_Aim of the task_
Only the lines from the one holding "Dầu xả Weilaiya" to the end of the data should be echoed, exactly as they appear, minus the pictures.

_Given material_
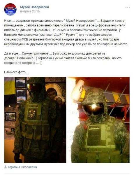 Но – самое главное – директор музея пишет, что ФСБшники съели (если точнее, языком оригинала – сожрали) шоколад, предназначавшийся для голодающих детей Горловки.
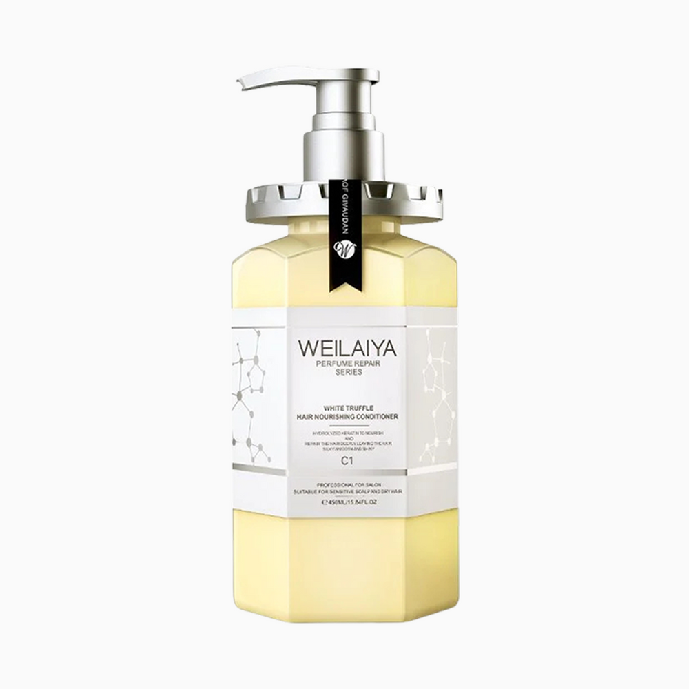 Dầu xả Weilaiya Truffle kết hợp chiết xuất nấm Truffle trắng, trứng cá tầm cùng keratin thủy phân và sericin kén tằm—bộ tứ dưỡng chất hỗ trợ phục hồi lớp biểu bì, làm mượt bề mặt sợi tóc và tăng độ đàn hồi cho mái tóc yếu, hư tổn.
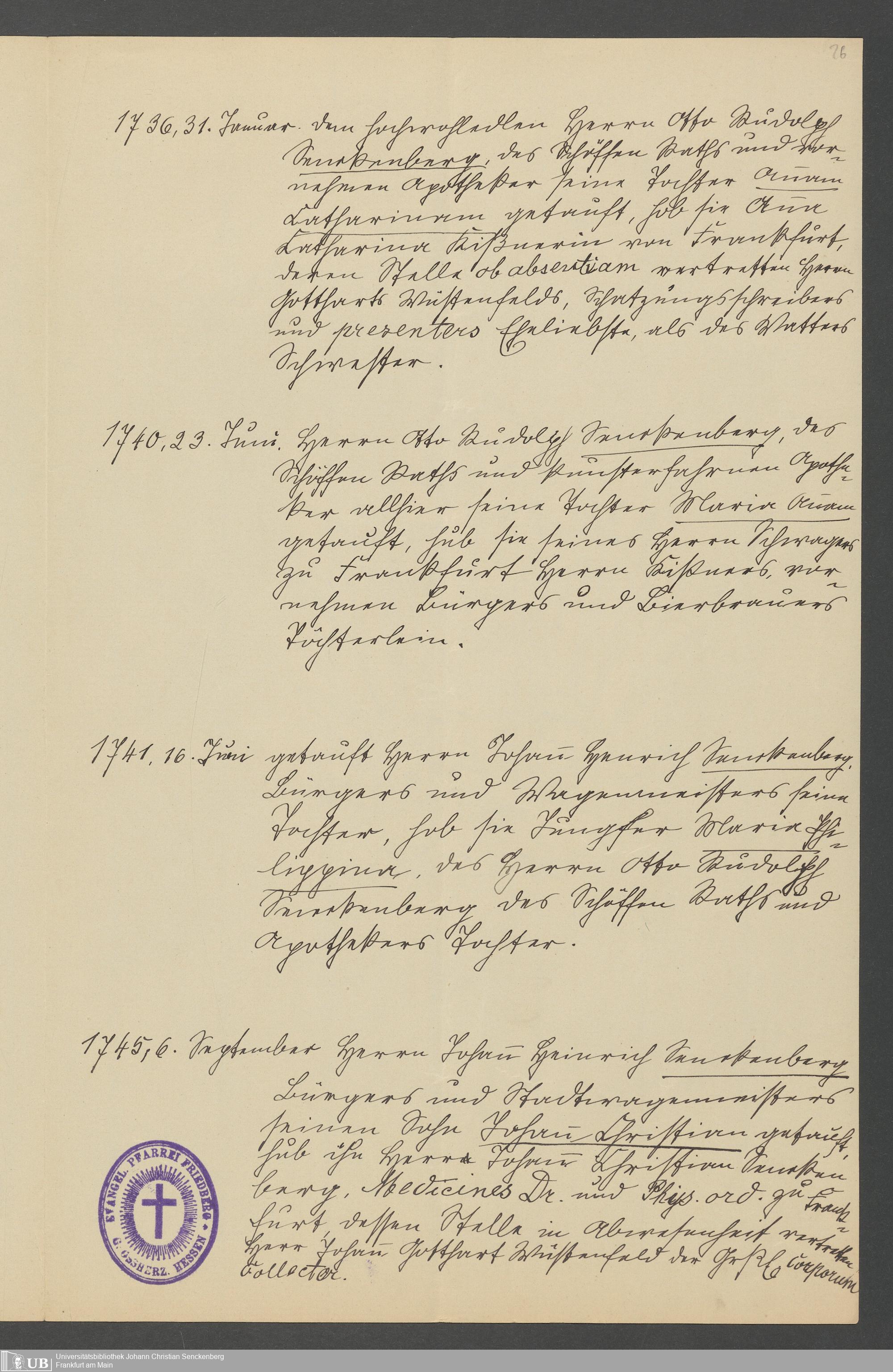 Nachlass Johann Christian Senckenberg
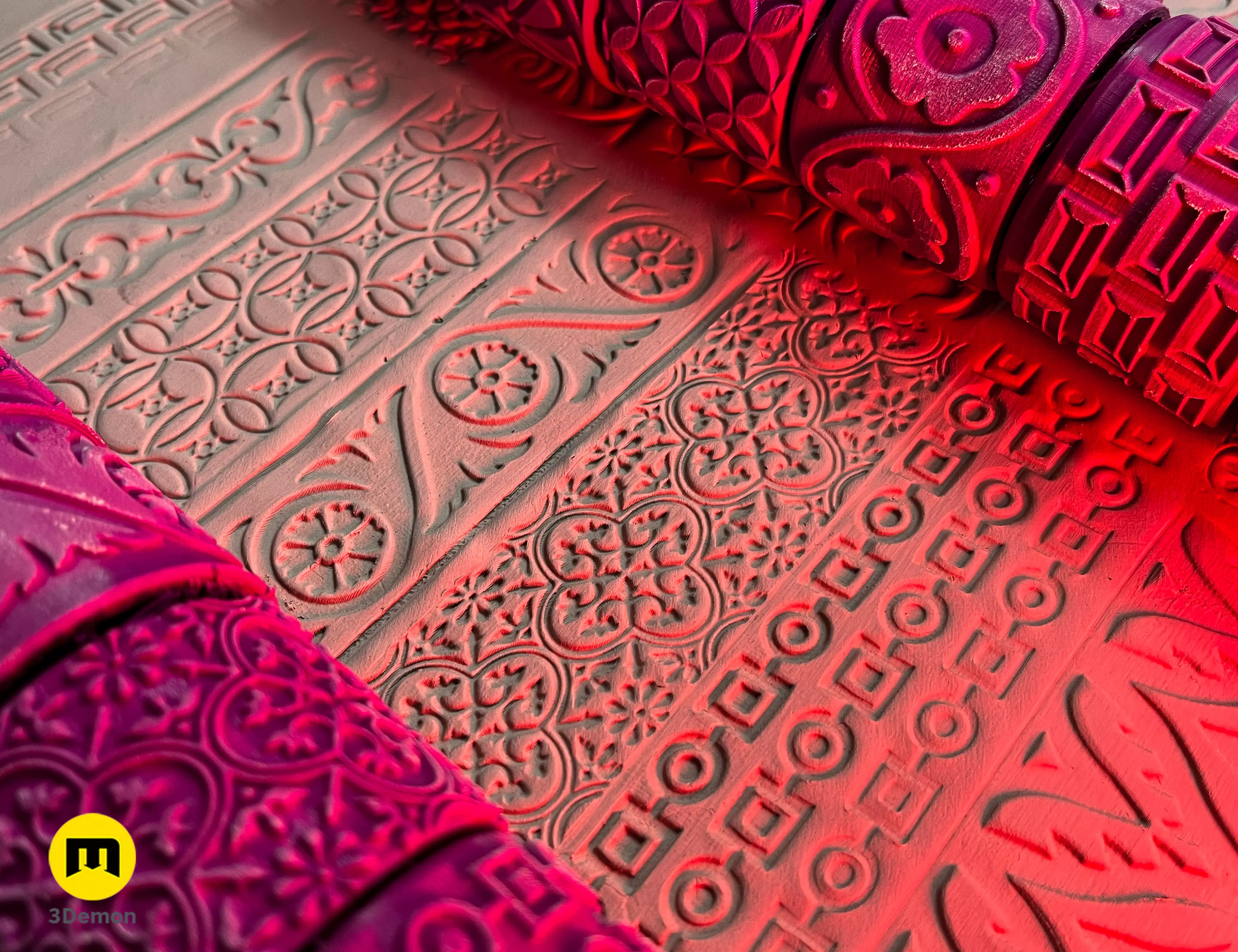 These digital 3D printable models of Stamp Wheels are meant to be used to create textures in clay and polymer clay, pottery clay, cake dough, fondant, fabric, and other materials. This wider Renaissance pattern set is great for creating patterns on clay or fondant!The download contains 18 OBJ files of wheels and a handle ready to be 3D printed. The wheels create various Renaissance patterns.

_Your solution_
 Dầu xả Weilaiya Truffle kết hợp chiết xuất nấm Truffle trắng, trứng cá tầm cùng keratin thủy phân và sericin kén tằm—bộ tứ dưỡng chất hỗ trợ phục hồi lớp biểu bì, làm mượt bề mặt sợi tóc và tăng độ đàn hồi cho mái tóc yếu, hư tổn.
 Nachlass Johann Christian Senckenberg
 These digital 3D printable models of Stamp Wheels are meant to be used to create textures in clay and polymer clay, pottery clay, cake dough, fondant, fabric, and other materials. This wider Renaissance pattern set is great for creating patterns on clay or fondant!The download contains 18 OBJ files of wheels and a handle ready to be 3D printed. The wheels create various Renaissance patterns.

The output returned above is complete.